Да, тут бабуля была права.
– Твоя мама от рождения была такой. Вылетела из моей утробы – и сразу устремилась в мир. С первого дня жизни она все бежала и бежала.
– Бежала прочь?
– Нет, Горошинка, она никогда не бежала прочь. Запомни это. – Она сжала мне руку. – Твоя мама всегда бежала навстречу.
Навстречу чему, думаю я, поднимаясь из-за стола. Куда мама бежала тогда? И куда бежит сейчас? Что для нее значит Бейли? Что значу я?
Я подхожу к окну, слегка отодвигаю штору и вижу Тоби. Он сидит под сливовым деревом, под яркими звездами, на траве, снаружи, в мире. Люси и Этель разлеглись у него на ногах.
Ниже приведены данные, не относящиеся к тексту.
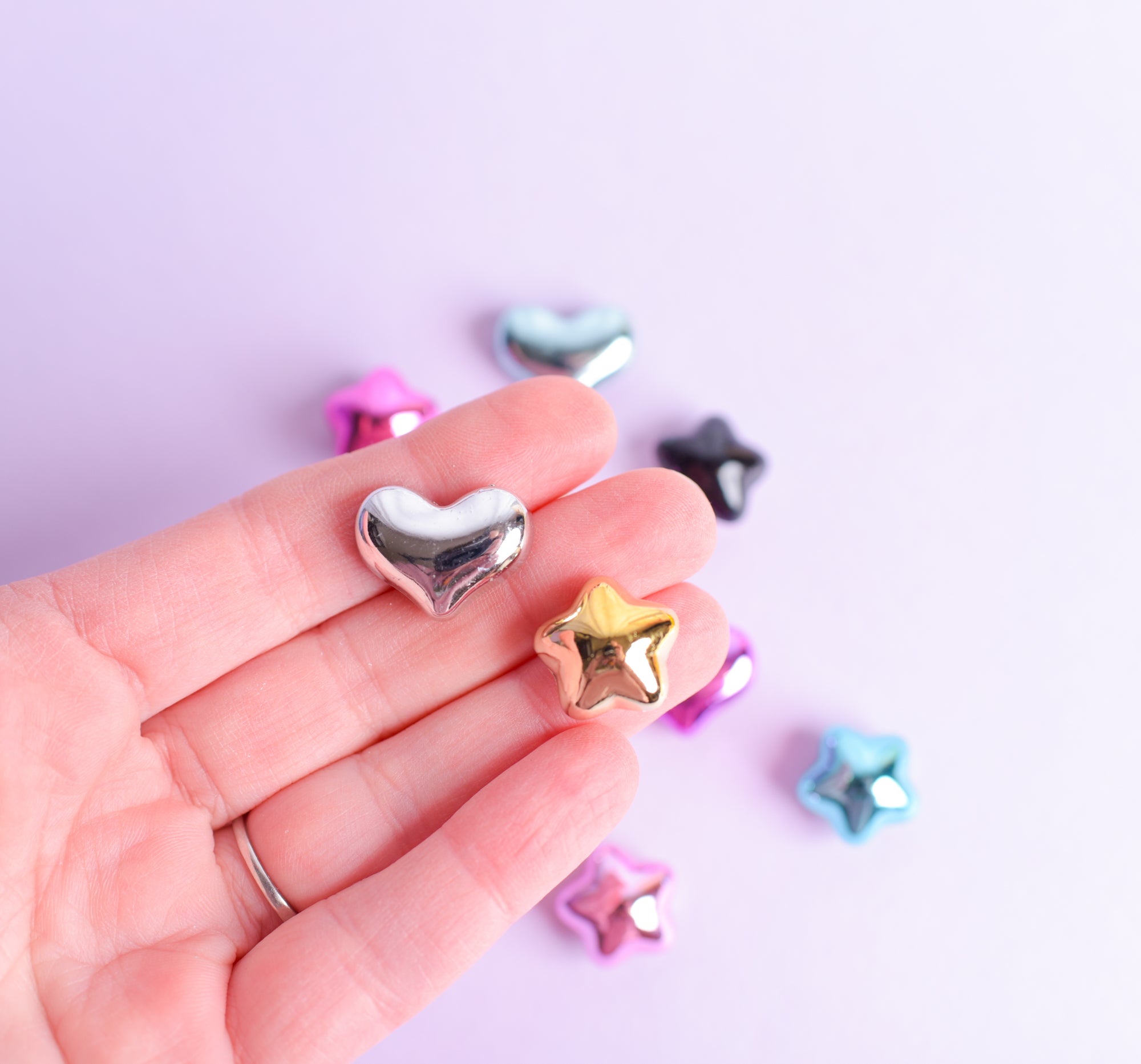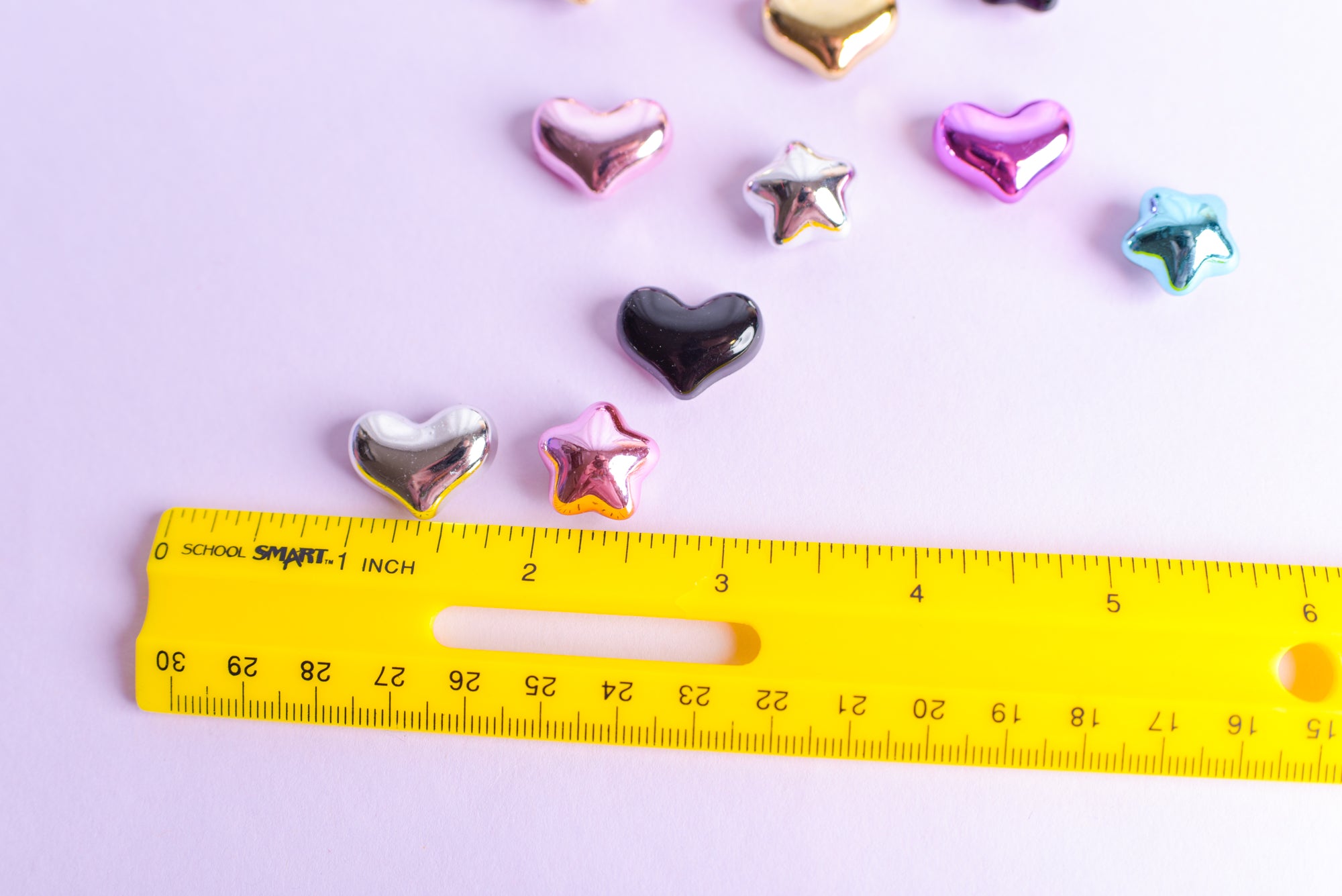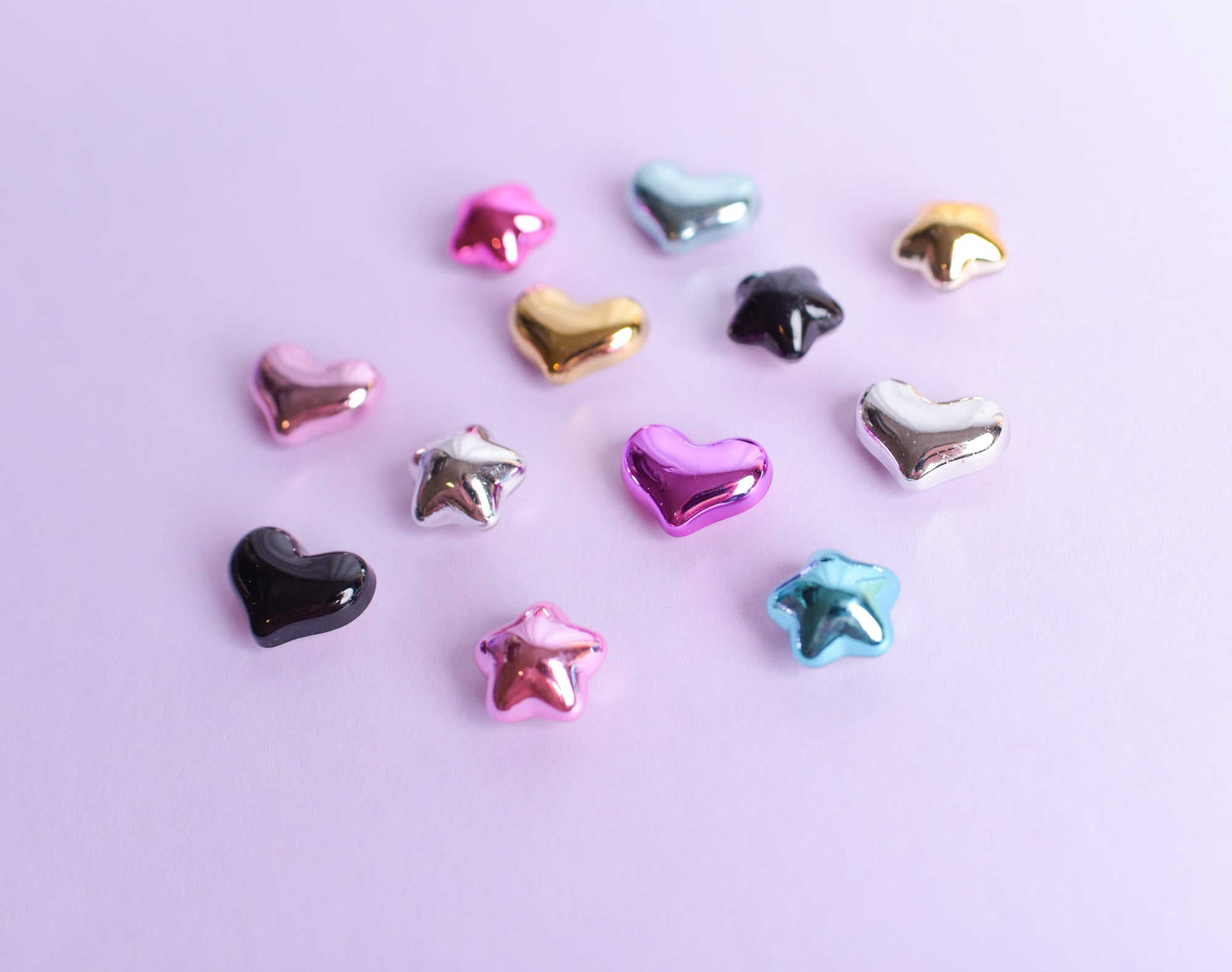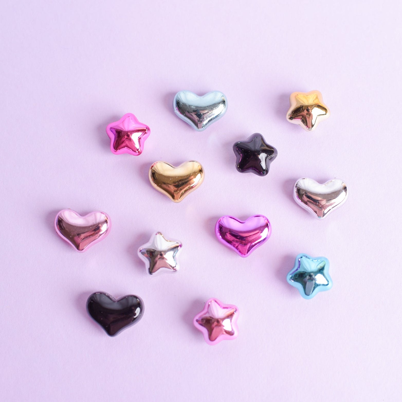 Little shiny bubble heart and star magnets in assorted metallic colors; assortments may vary slightly in color and shape. Set will include 12 magnets. Resin charms are attached to tiny but strong neodymium magnets and measure around 1/2-3/4" in size. Please note that there may be a little scuff in the metallic surface; it's just how the charms are made but is barely noticeable due to the nature of the product. Perfect for a girl's locker, women's cubicle, or to add a little flair to your home refrigerator.

Просто удивительно, что собаки появляются только тогда, когда приходит он.
Я знаю, что мне надо выключить свет, забраться в постель и предаваться мечтам о Джо Фонтейне, но я этого не делаю.
Я иду к Тоби под сливу, и мы ныряем в лес, к реке. Нам не нужно слов: мы словно все спланировали заранее. Люси и Этель бегут за нами следом, а потом, когда Тоби говорит им что-то непонятное, разворачиваются и отправляются домой.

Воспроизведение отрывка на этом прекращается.